Un nuevo proyecto de ley impulsado por la Municipalidad de San Carlos podría transformar radicalmente la forma en que se cobran las patentes comerciales en el cantón, ampliando los impuestos, endureciendo las sanciones y sometiendo a mayor fiscalización a miles de actividades económicas, incluyendo profesionales independientes, comercios digitales y empresas de otros cantones que trabajen en territorio sancarleño.
El documento denominado “Ley de Impuestos e Incentivos de la Municipalidad de San Carlos”, propone reformar la actual legislación de patentes al considerar que ya no responde a la realidad económica del cantón y busca ampliar la base de contribuyentes, combatir la evasión y aumentar la recaudación municipal.
Uno de los puntos más sensibles del proyecto es que prácticamente toda actividad lucrativa, profesional, artística o comercial pasaría a estar sujeta al pago de patente municipal, incluso aquellas sin local físico, como ventas por internet, comercio electrónico y servicios profesionales independientes. La propuesta incluye desde agricultura, ganadería y construcción hasta actividades tecnológicas, telecomunicaciones, salud, enseñanza y servicios digitales.
Además, el plan establece que empresas de otros cantones que ingresen a prestar servicios en San Carlos deberán inscribirse y pagar permisos temporales desde la primera contratación, incluso antes de iniciar operaciones, algo que podría impactar proyectos de obra pública y contratación de proveedores externos.

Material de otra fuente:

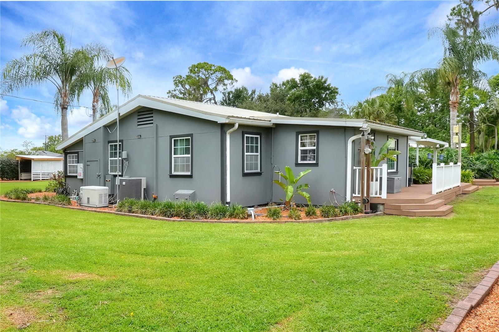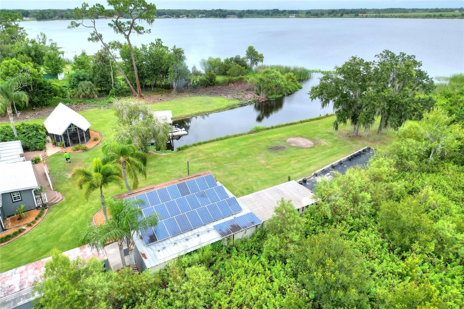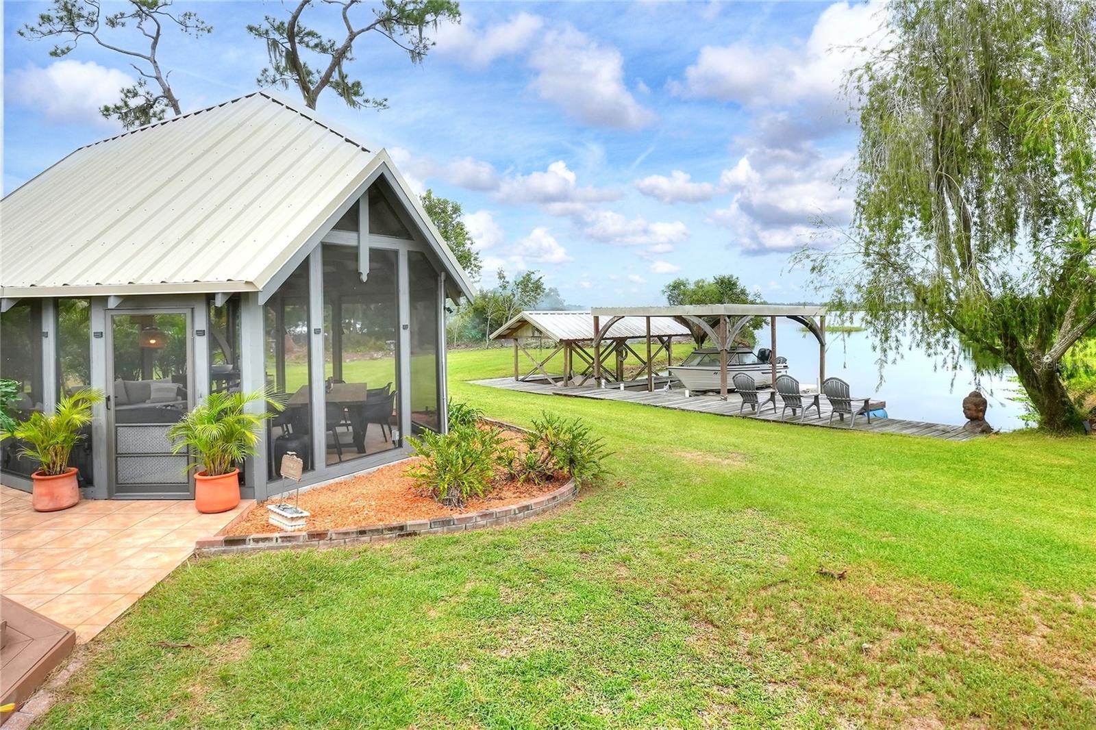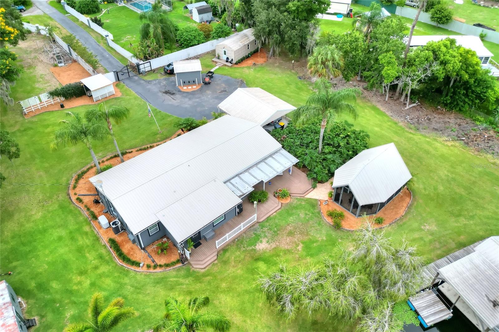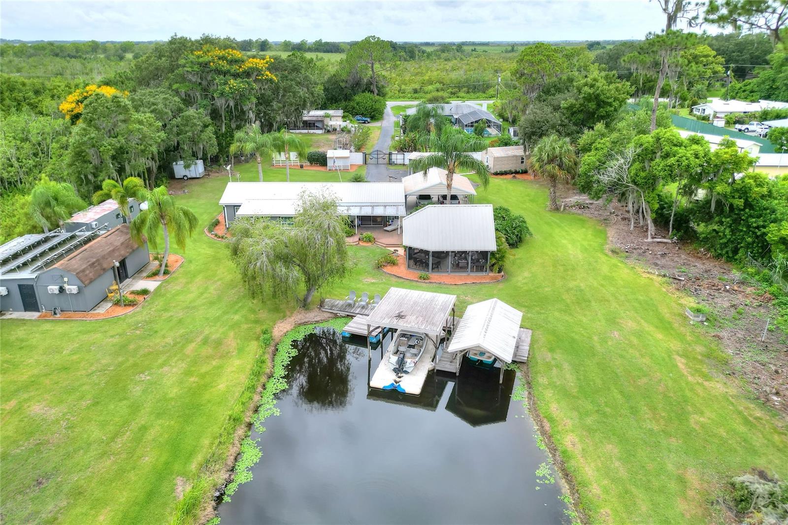 Welcome to your Hidden Oasis! Nestled between the vibrant metropolises of Tampa and Orlando. This exquisite lakefront retreat offers an unparalleled sanctuary for those seeking a harmonious blend of luxury and tranquility. Set upon a sprawling 3.53-acre expanse, this meticulously updated property boasts a gated entrance, ensuring privacy and exclusivity for its discerning residents. The main residence is a 3 bedroom 2 bathroom fully renovated inside and out, a testament to refined living, is complemented by two separate guest cottages, each boasting its own bathroom, kitchen, and laundry facilities. These additional dwellings not only provide versatile accommodation options but also present a lucrative rental opportunity. Current cottages currently rented with short term rentals. For the environmentally conscious, this property is a veritable eco-paradise. A robust 500-gallon propane generator stands ready to ensure uninterrupted comfort during unexpected outages. The property's commitment to sustainability extends to its water systems, featuring a recently installed well pump, reverse osmosis filtration, water softener, and a state-of-the-art Kinetico alkaline water system. Outdoor enthusiasts will revel in the luxurious screened gazebo, perfect for alfresco dining or quiet contemplation while surrounded by nature's beauty. The dock allows for easy Lake access for water activities. Conveniently located minutes from Interstate 4, this property offers easy access to the region's attractions, including the world-renowned theme parks and pristine beaches. Whether you're seeking a permanent residence, a vacation home, or an investment opportunity, this lakefront haven promises a lifestyle of unparalleled comfort and sophistication. Embrace the Florida dream in this meticulously curated oasis, where luxury meets nature in perfect harmony.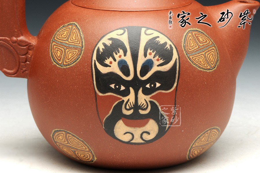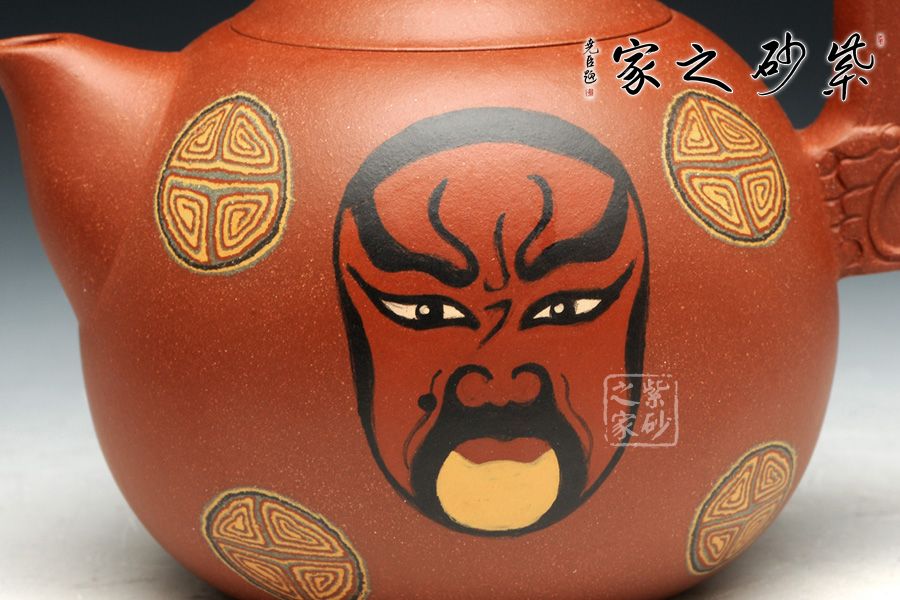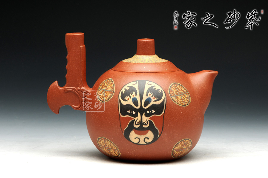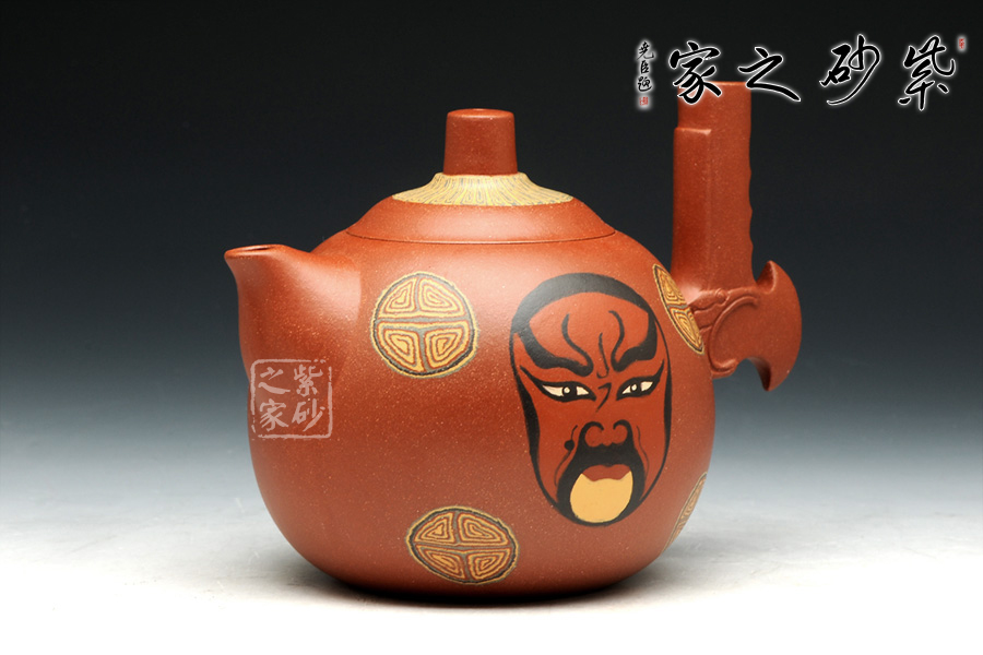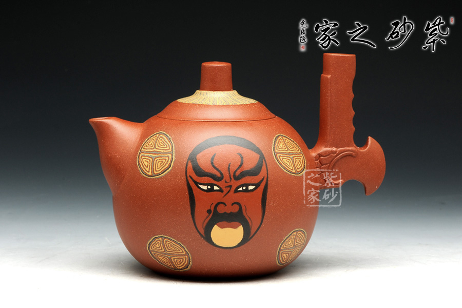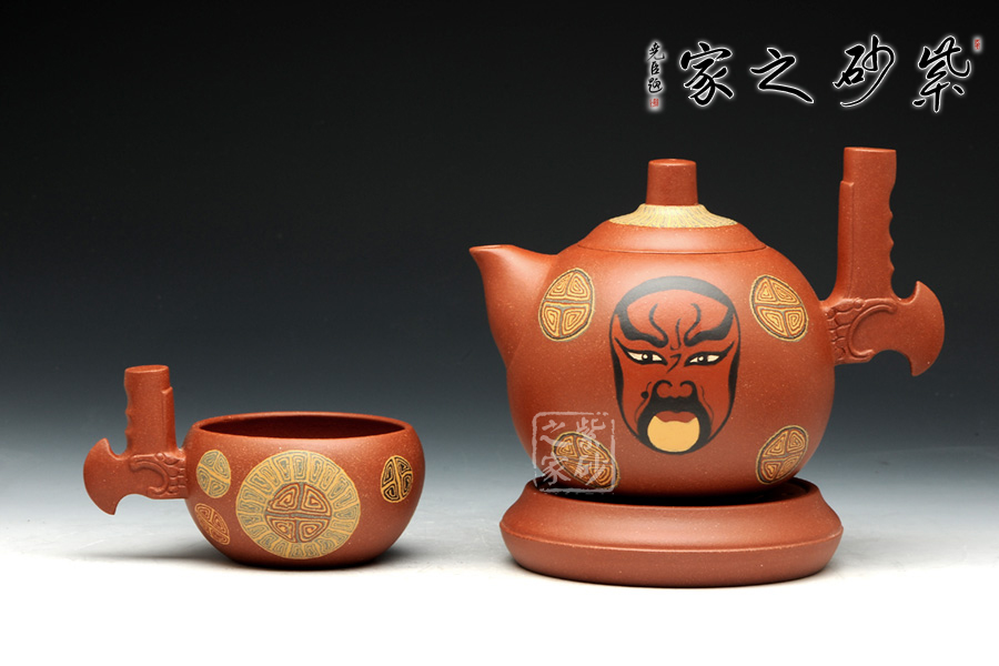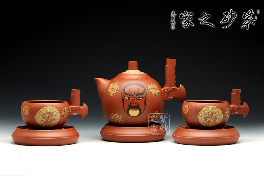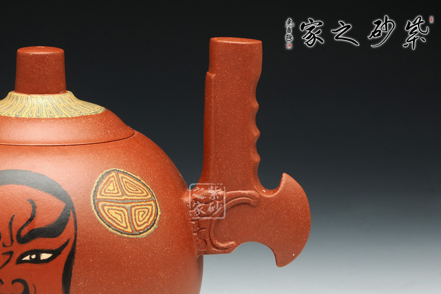 此套壺設(shè)計新穎,壺身圓潤,以絞泥紋飾裝飾壺身,并采用鑲泥手法,鑲泥京劇臉譜關(guān)羽、張飛,壺嘴短小,出水流暢。壺把的設(shè)計為斧形,斧頭紋理清晰,刻畫細(xì)致。此款作品,將中國傳統(tǒng)文化的精髓“神韻”融入到設(shè)計中,運(yùn)用現(xiàn)代設(shè)計的表現(xiàn)元素,體現(xiàn)傳統(tǒng)文化的意蘊(yùn)。此款作品,實(shí)為罕見,實(shí)為收藏之佳作。

La iniciativa también contempla más poder de fiscalización para la Municipalidad, permitiendo cruces de información con instituciones como Hacienda, CCSS, INS, bancos y otras entidades públicas para verificar datos tributarios y detectar inconsistencias.
Otro aspecto que podría generar controversia es el endurecimiento de sanciones. El proyecto plantea multas por no solicitar patente, castigos económicos por declaraciones tardías y hasta el cierre temporal de negocios por morosidad o incumplimientos, con apoyo de cuerpos policiales si fuera necesario. Incluso, la licencia comercial podría suspenderse tras seis meses consecutivos de atraso en pagos.
La propuesta también incorpora un nuevo impuesto sobre rótulos y publicidad exterior, obligando a negocios a tramitar una licencia adicional y pagar montos anuales según el tamaño de sus anuncios comerciales.
Mientras la Municipalidad sostiene que la reforma pretende modernizar el sistema tributario, reducir evasión y atraer inversiones al cantón mediante incentivos empresariales, el texto ya comienza a despertar interrogantes: ¿se trata de un avance hacia un sistema más justo o de una mayor carga para comerciantes, emprendedores y pequeños negocios?